All motion is relative, to the limits of our capacity to measure it. This is a bedrock principle in physics due to Einstein which replaced the Newtonian/Galilean idea of absolute motion as a more correct description of the universe we inhabit.

All objects (atoms, etc.) above absolute zero temperature are in motion.


Inertial motion is essentially relative. The idea of absolute inertial motion is effectively meaningless-all it can convey is that a particular frame has been picked to be the baseline for quantifying motion, and any inertial frame can serve that purpose so the selection is necessarily arbitrary in an important sense.

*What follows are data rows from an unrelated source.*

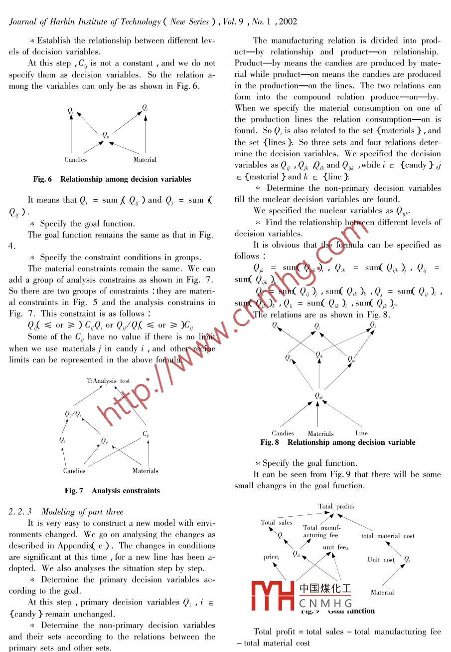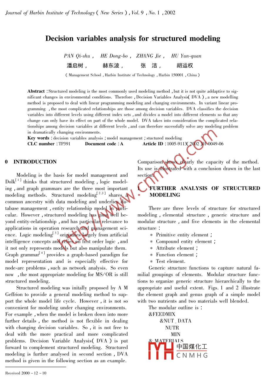 Journal of Harbin Institute of Technology( New Series ) , Vol. 9 ,No. 1 ,2002Decision variables analysis for structured modelingPAN Qi-shu ,HE Dong-bo,ZHANG Jie,HU Yun-quan潘啟樹,赫東波,張潔,胡運權(quán)( Management School , Harbin Institute of Technology , Harbin 150001 , China )but it is not quite addaptive to sig-nificant changes in environmental conditions. Therefore , Decision Variables Analysi( DVA ) ,a new modellingmethod is proposed to deal with linear programming modeling and changing environments. In variant linear pro-gramming , the most complicated relationships are those among decision variables. DVA classifies the decisionvariables into different levels using different index sets , and divides a model into different elements so that anychange can only have its effect on part of the whole model. DVA takes into consideration the complicated rela-tionships among decision variables at different levels , and can therefore sucessfully solve any modeling problemin dramatically changing environments.Key words : decision variables analysis ; model management ; stuctured modelingCLC number : TP391Document code : AArticle ID : 1005-9113( 2002 )01 -0049-060 INTRODUCTIONComparison shows clearly the capacity of the method.Its use is illustrated with a conclusion drawn in the lastModeling is the basis for model management ancsection.Dolk' 1] thinks that structured modeling , logic model-ing , and graph grammars are the three most important1FURTHER ANALYSIS OF STRUCTUREDmodeling methods. Structured modeling231 shares aMODELINGcommon ancestry with data modeling and underlies da-tabase management , entity relationship model in parti-There are three levels of structure for structuredcular. However , structured modeling has gone well be-modeling , elemental structure , generic structure andyond entity-relationship , and has particular relevance tomodular structure , and five elements in the elementalapplications in operation research and management sci-structure :ence. Logic modeling 31 originates largely from artificial* Primitive entity element ;intelligence concepts and relies on first order logic , andCompound entity element ;it not only represents models but also manipulate them.* Attribute element ;Graph grammar + J provides a graph-based paradigm forFunction element ;model representation and is especially effective fo*Test element.node-arc problems , such as network analysis. So evenGeneric structure functions to capture natural fa-now , the most appropriate modeling for MS/OR is stillmilial groupings of elements. Modular structure func-structured modeling.tionsto organize generic structure hierarchically to theStructured modeling was initally proposed by A Mappropriate and useful extent. Figs. 1 and 2 illustrateGeffrion to provide a general modeling method to sup-the element graph and genus graph of a simple modelport the whole model life cycle. However ,it is not sowith two nutrients and two materials well blended.convenient for modeling under changing environments.The modular outline is :For example , when the model is broken down into more&FEEDMIXfurther details ,the method is not flexible in dealing&NUT_ DATAwith changing decision variables. So , it is not free toNUTRdeal with the more practical and more complicatedMINproblems. Decision Variable Analysis( DVA ) is put& MATFRIAISforward to complement structured modeling. Structured中國煤化工modeling is further analysed in second section ,DVAYHCNMHG.method is given in the following section as an example.Reeived 2000-12- 1049.Journal of Harbin Institute of Technology( New Series ) ,Vol. 9 ,No. 1 ,2002Nutrition testprogramming because they form the relationship amongthe components of an optimization problem that cannuitsition levelstotal-costgenerally be divided into goal and constraint condi-tions. Some definitions and theorems are as defined be-ow :( 1 ) Levels of decision variables. Decision varia-unit cosquantity,bles can be classified to different levels by different? R 9sansets , so that we can find different levels of decisionvariables.( 2 ) Primary deoision variables and primary setsof decision variables. The set to which decision varia-nutrientsmaterialsbles naturally belongs by semantic is called the primaryFig. 1 Element graph for a 2 x 2 feedmix modelset of decision variables , and at the same time , thevariables are called primary decision variables. For ex-TNlevelample , quantity is the primary decision variable whilethe product is the primary set for a product-mix prob-Totcostlem , and the primary set in transportation is the Carte-sian product of suppliers and customers.A MinAnalysis. ,Ucost( 3 ) Nuclear decision variables. When the deci-sion variables are divided into further details by allB.kinds of relevant sets till they can not be divided anyNutrMaterialfurther , and the decision variables at this level arecalled nuclear decision variables.Fig.2 Genus graph for feedmix model( 4 ) Molecular decision variables. Decision varia-bles other than decision variables at nuclear level areANALYSIScalled molecular decision variables.( 5 ) Final decision variables. The variables whichNLEVELcan used to represent other levels of variables while theT :NLEVELmodel is finally constructed are called final decisionTOTCOSTIn structured modeling ,decision variables andPrimary or final decision variables can be nuclearfixed parameters are taken as two varieties of the samedecision variables sometimes , and they can also be mo-construction. Geoffrion thinks that this is appropriatelecular ones in other conditions.from the perspective of the whole modeling life cycle.Theorem 1 In linear programming , any molecu-However , decision variables are essential for modeling.lar variables can be presented by linear combination ofFor example , after we divide thgeneric graph into twonuclear variables.parts A and B according to the goal and constraint con-Theorem 2 In linear programming , any linearditions , we can see the intersecti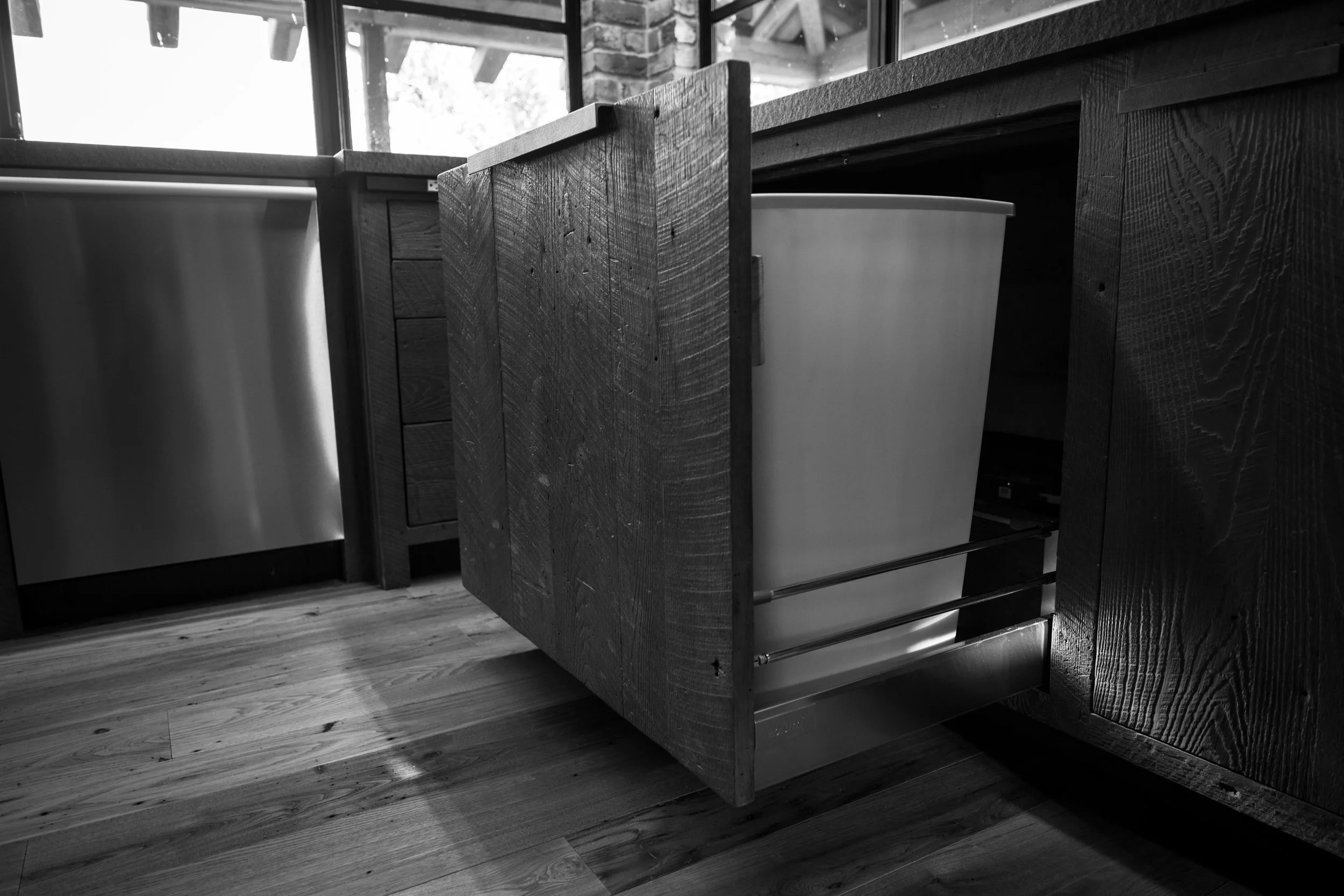 /This is a hands free trash roll out I just built into a kitchen. Click here to see it in action! Youtube videoThe video shows a light bump with my hand to engage the servo drive motor, but this could be done with your knee or foot (making it "hands free"). The roll out holds two 50 qt. waste baskets, and is driven by two servo-drive motors (Blum brand). The stainless steel drawer profiles are also from Blum (Tandembox Intivo). Video by Joel Wilson.
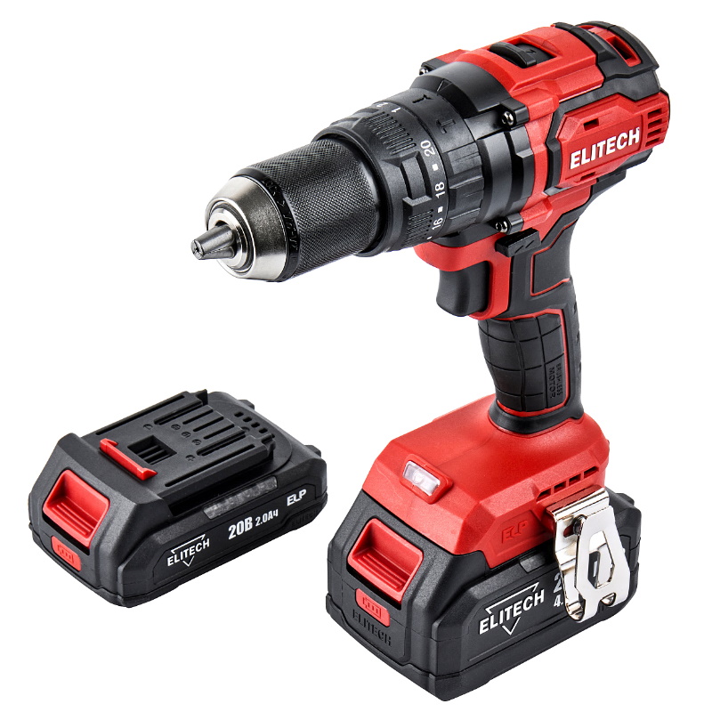 Дрель аккумуляторная Elitech 205680, ударная, бесщеточный, 20В, 2.0Ач+4.0Ач, ELP, БЗП-13 мм ДА 20УБЛ2 (E2201.047.02)

You might get another perspective on the principles concerned if you imagine that everything in the Universe could suddenly be frozen so that nothing whatsoever moved. You might consider that to be a state of absolute immobility. But then imagine a variation on that set-up, in which everything in the frozen Universe was moving en masse in a common direction at ten metres per second. How could you compare the two scenarios? How would you know which of the two was stationary and which was moving? The answer is that you couldn't- indeed the distinction between the two scenarios is meaningless, because if you say something is absolutely stationary, or moving at such and such a speed, in both cases the obvious question that arises is 'relative to what?'.


It is most useful to conceive of motion as a rate-of-change of position, so it presumes an established system of position. The philosophical question that then arises is whether there can be any absolute system of position that does not depend on the position of particular objects (or sets of objects) or whether a system of position must be only relative with respect to one or more existent objects. To put it another way, is it philosophically coherent to for the whole universe in toto to move?

Descartes took the view that the position of objects must be considered relative to other objects, and therefore motion was always relative to the position of other objects. He considered that when people would make statements of motion without explicit relational objects, this implicitly referred to motion relative to some contextual surrounding. In this sense, he believed that there was some natural or "true motion" relative to some natural/obvious surrounding context (though this is largely an epistemological issue rather than a metaphysical one in my view).

One way to assert an idea of "absolute motion" is to pick one or more arbitrary "fixed points" in space and measure position and direction relative to these (e.g., one could take four fixed points to establish a three-dimensional coordinate system). The difficulty of this approach is that it relies on alleged "fixed points" that are not themselves moveable objects in space (for if they were objects that could move themselves then you would be back to a relative position system). The difficulty with this approach is that such points are inherently unobservable, so the "absolute motion" of objects then becomes unobservable. Leibniz famously critiqued this "absolute motion" approach, saying that since absolute velocity would be unobservable, it is really just made-up.


Of course, you are right.

I believe your main questions are not about the three philosophers. I believe they are, 1.'Would the existence of an absolute mean not everything is in motion?', 2.'If everything is in motion, then is all motion relative?' In other words, you have a doubt 'absolute existence' and 'relativity' also. So I shall try to answer connecting all these, without mentioning Descartes, Galileo or Newton. The knowledge about the 'thing' that relativity does not operate, is ancient. To get an answer to your question, you need not even seek the help of these three.

Among ancient philosophies Advaita philosophy stands close to your idea. To represent that absolute mean we use the term, Brahman. If God has other duties even God can't be treated as the absolute mean. So, more precisely it is treated above God. The answer to your two questions is 'Yes'.